Why Open Matters

There are many efforts to “open” education and scholarship: open access, open data, open educational resources, open licensing, open pedagogy, open scholarship, open science, open source, and more. But why are we opening all these things?

We are motivated to open these things to improve education, research, and other knowledge practices, looking to increase access, affordability, engagement, efficacy, reproducibility, and more. We foster openness as an improvement to knowledge practices because in turn, we believe that improved knowledge practices will benefit both individuals and the common good, generating better knowledge, more widely shared, and therefore justice, equality and progress.

But the existence of things like open educational resources, open licenses, open data, or open-source software do not by themselves guarantee that people benefit in their efforts overall as students, teachers, researchers, scholars or librarians, or that their success in turn improves our common good.
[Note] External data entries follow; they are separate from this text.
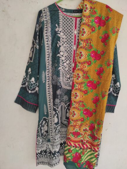 J. Junaid Jamshed is a well-known clothing brand established in Pakistan in 2002, known for reviving cultural heritage in its designs and selling women's unstitched and stitched suits, kurtis, and other apparel globally. The distinct green and white patterns on the shirt, combined with the mustard yellow and pink floral dupatta, are consistent with the style offered by the brand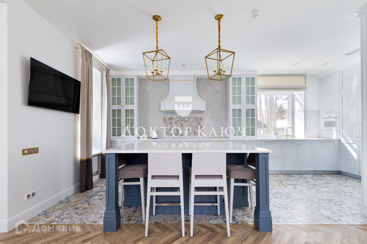 сделан новый дорогостоящий дизайнерский ремонт. Материал стен коттеджа кирпич.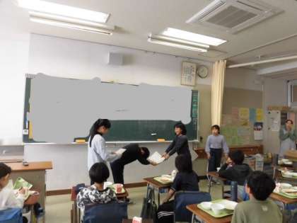 昼の放送で読書委員会から4,5,6年生の表彰の紹介があり、そのあと賞状の伝達で教室に行くというので、その様子を見せてもらいました。学校中で一番たくさん読んだ子がとてもうれしそうに受け取っていました。このクラスのほかの子どもたちもうれしそうでしたし、この企画を考えた読書委員会の子どもたちもうれしそうでした。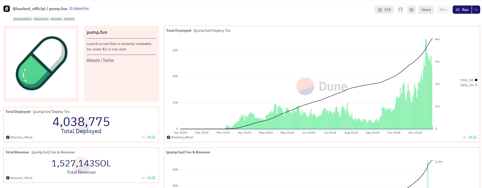Dune数据显示,截至11月29日,Pump.fun自二月份上线以来,已部署超过400万个Meme币,成功捕获了1,527,143个Sol,总收益超过150万美元。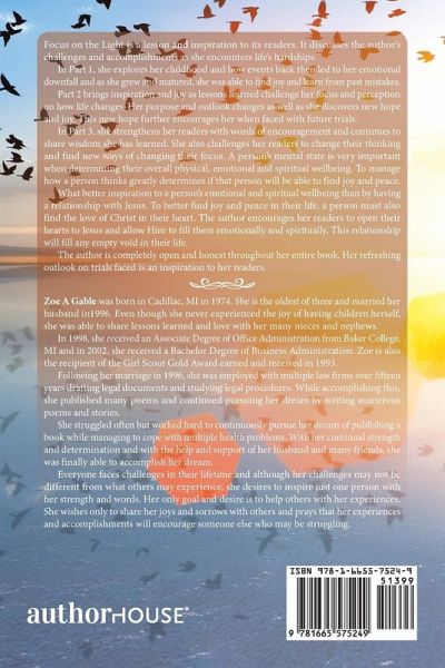 Focus on the Light is a lesson and inspiration to its readers. It discusses the author's challenges and accomplishments as she encounters life's hardships. In Part 1, she explores her childhood and how events back then led to her emotional downfall and as she grew and matured, she was able to find joy and learn from past mistakes. Part 2 brings inspiration and joy as lessons learned challenge her focus and perception on how life changes. Her purpose and outlook changes as well as she discovers new hope and joy. This new hope further encourages her when faced with future trials. In Part 3, she strengthens her readers with words of encouragement and continues to share wisdom she has learned. She also challenges her readers to change their thinking and find new ways of changing their focus. A person's mental state is very important when determining their overall physical, emotional and spiritual wellbeing. To manage how a person thinks greatly determines if that person will be able to find joy and peace. What better inspiration to a person's emotional and spiritual wellbeing than by having a relationship with Jesus. To better find joy and peace in their life, a person must also find the love of Christ in their heart. The author encourages her readers to open their hearts to Jesus and allow Him to fill them emotionally and spiritually. This relationship will fill any empty void in their life. The author is completely open and honest throughout her entire book. Her refreshing outlook on trials faced is an inspiration to her readers.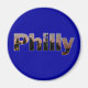 Inside the large letters spelling "Philly", there is the skyline at twilight.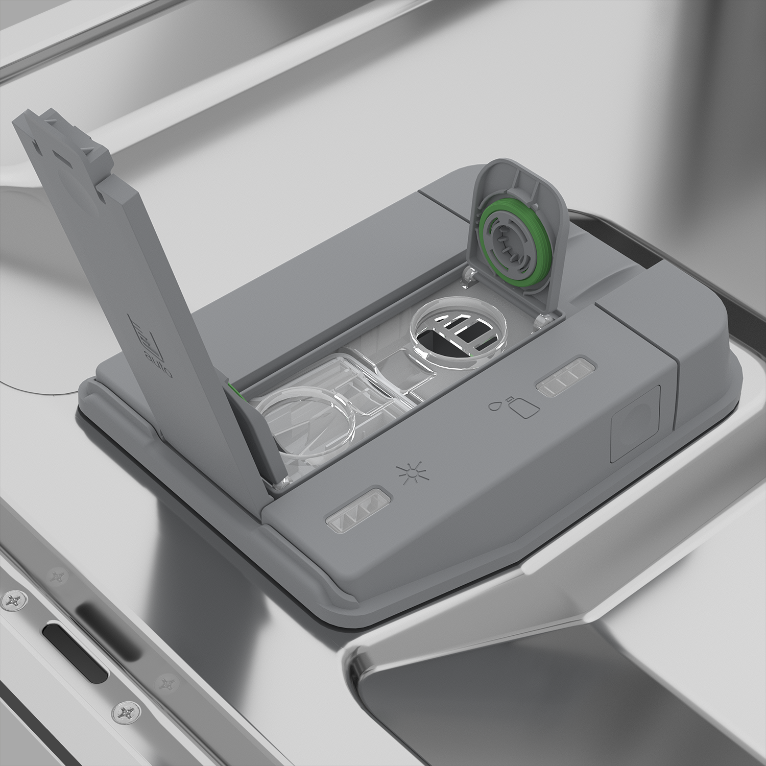 Мийний засіб, що раціонально використовується, і ефективніше миття. Забудьте про необхідність використовувати ретельно відміряну кількість миючого засобу або про необхідність додавати його перед кожним миттям! Просто налийте рідину в посудомийну машину, і AutoDose автоматично відміряє потрібну кількість рідини для місячного використання. Результат? Ідеально чистий посуд щоразу – без необхідності постійно доливати миючий засіб.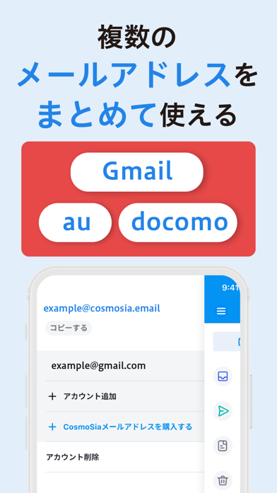 - GmailやYahoo!メール、キャリアメールなどをまとめて管理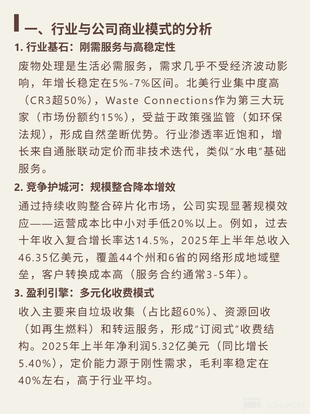 🎯 Core logic: Waste management is an essential service, with annual demand growth of 5%-7% unaffected by economic fluctuations, similar to the stability of "utilities." The company consolidates a fragmented market through continuous acquisitions (covering 44 U.S. states and 6 Canadian provinces), with operating costs 20%+ lower than smaller competitors, high customer switching costs (3-5-year contracts), and strong regulatory policies creating a natural monopoly, holding ~15% market share. Revenue primarily comes from waste collection (>60%) and recycling, with a stable subscription-based fee model.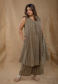 Maroon Ajrakh Handblock Printed Cotton A Line Co-Ord Set.

Sometimes we get so caught up in providing open resources or in establishing the necessary conditions for openness that we mistake that work as the ends, when it is only the means. In order for the benefits of openness to develop and persist, it is not enough that open just be technically possible or that open artefacts exist. Openness is not the goal, it is a mechanism.

People must be equipped and practice to succeed with open. We need to actively support not only infrastructure and materials, but also communities and practices that build motivation, understanding, skills, and values for people to engage over time for their own benefit and the public, common good.

Openness is our vehicle, not our destination.